That includes Disney Treasure, set to debut this winter, and 2022’s Disney Wishas well as older ships Disney Magic and Disney Fantasy trading off sailing duties.

The new homeport and sailing plans for Disney Destiny, a sister ship to Wish and Treasure, was not announced, but it’s slated to be delivered to the line at a yet-to-be-revealed date in 2025 and could end up DCL’s new second Florida home in Port Everglades.
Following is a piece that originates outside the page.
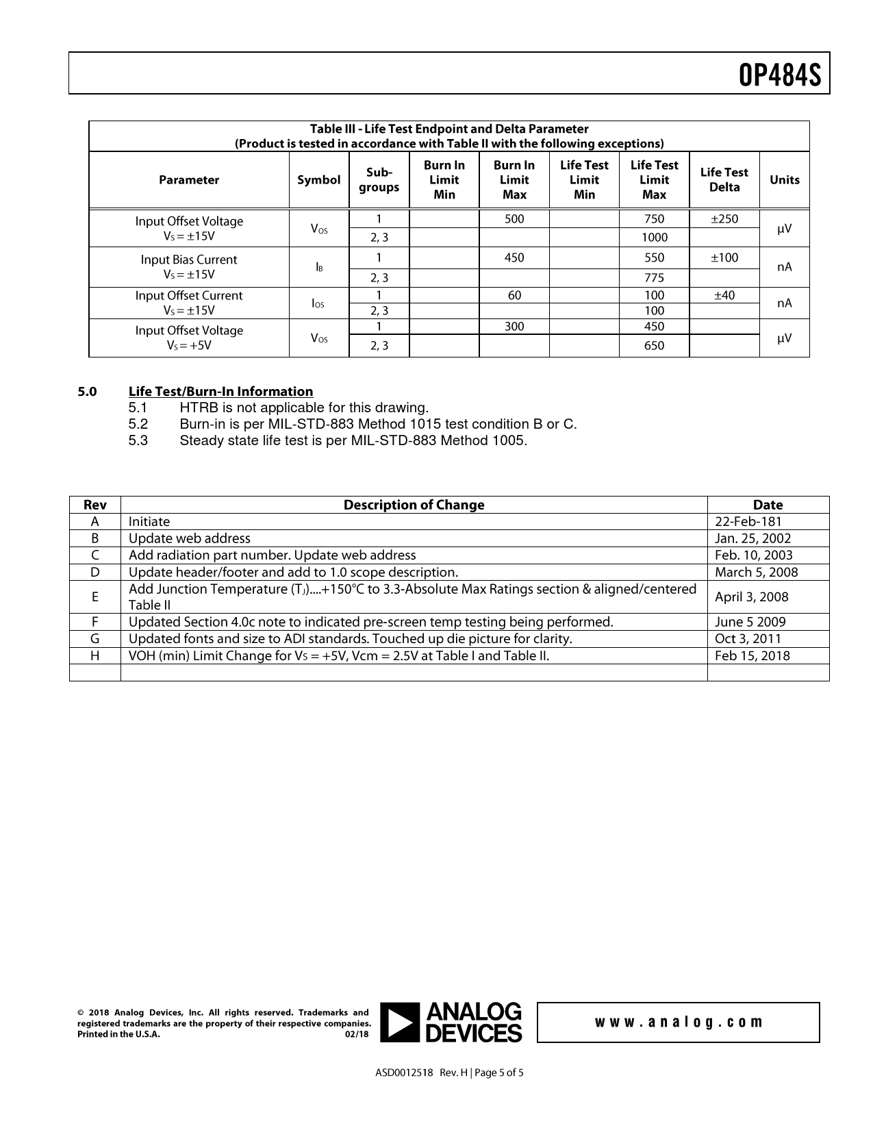 5.1. HTRB. is. not. applicable. for. this. drawing. 5.2. Burn-in. is. per. MIL-STD-883. Method. 1015. test. condition. B. or. C. 5.3. Steady. state. life. test. is. per

Also debuting in 2025 will be the Asia-bound Disney Adventure, but for now, DCL only revealed sailing plans for its two original ships, Magic and Wonder, its two decade-plus-old ships Dream and Fantasy and its two most recent ships Wish and Treasure.

Port Canaveral will continue to host Wish sailing short three- and four-night Bahamas trips while Treasure will continue with seven-night Caribbean sailings.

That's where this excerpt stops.